Field-based research within the Eagle Ford Shale formation began in April 2018 and is ongoing. Using newly developed and comprehensive monitoring solutions, the team will deliver unprecedented and comprehensive high-quality field data to improve scientific knowledge of the hydraulic fracturing process, refracturing and subsequent huff-and-puff gas injection. This knowledge will facilitate optimized production from a reduced number of new wells, with less material and energy use.


Key Takeaways and Future Steps

The research conducted by the NETL’s field laboratories has helped to redefine the public’s perception of unconventional oil and natural gas exploration by delivering an unbiased view of the environmental impacts of the drilling and stimulation processes, which research has demonstrated to be relatively benign. Simultaneously, the NETL is identifying new possibilities for hydraulic fracturing technologies that offer the potential to optimize operations and boost resource recovery beyond current levels.

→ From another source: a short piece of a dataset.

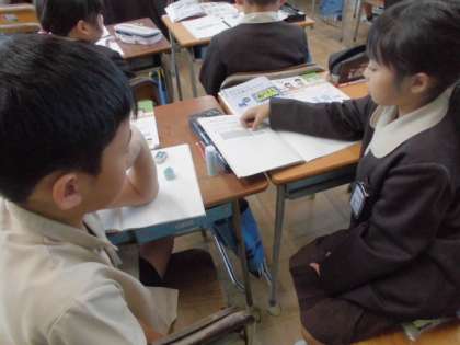 3年生は算数で「1より小さい数」を学習しました。今まで学習してきたことを思い出し、「1より少ない量」について自分が考えたことをペアで話し合いました。入れ物のメモリに着目していました。

For instance, several technologies have been developed since the MSEEL began that, when coupled with advanced modeling, could allow the acquisition of the same type of information in a much more cost-effective way. If the project’s current efforts prove that these innovations work and lead to improved production results, the project will lead to more efficient and effective resource recovery within the Marcellus Shale region and possibly throughout other shale plays nationwide—particularly when combined with insights from HFTS 1 and 2.

The Phase 2 work at HFTS 1 complements the EOR field research underway at the Bakken laboratory site. Each project ultimately seeks to improve the effectiveness of shale oil production by providing new scientific knowledge related to stimulation and production as well as enhanced recovery via refracturing and EOR.

Research by the NETL and its partners is providing new insights into the fracture stimulation and EOR processes, which will aid in the development of new methodologies and tools to maximize the production of oil from fractured shale. While some research results will apply to specific formations, many realistic and practical learnings will be applicable to other unconventional plays and subsurface applications, such as tight gas sand reservoirs and even saline formations for CO2 storage.

The DOE is using data collected from these demonstration projects and new field laboratory projects awarded in fiscal year 2019 to support artificial intelligence and machine learning. The results of this work will yield fundamental knowledge of shale fracture and matrix properties. Additionally, analytical tools for assessing hydraulic fracture performance and methods of targeting distinct features of the hydraulic fracture system will be developed to improve production efficiency and increase resource recovery.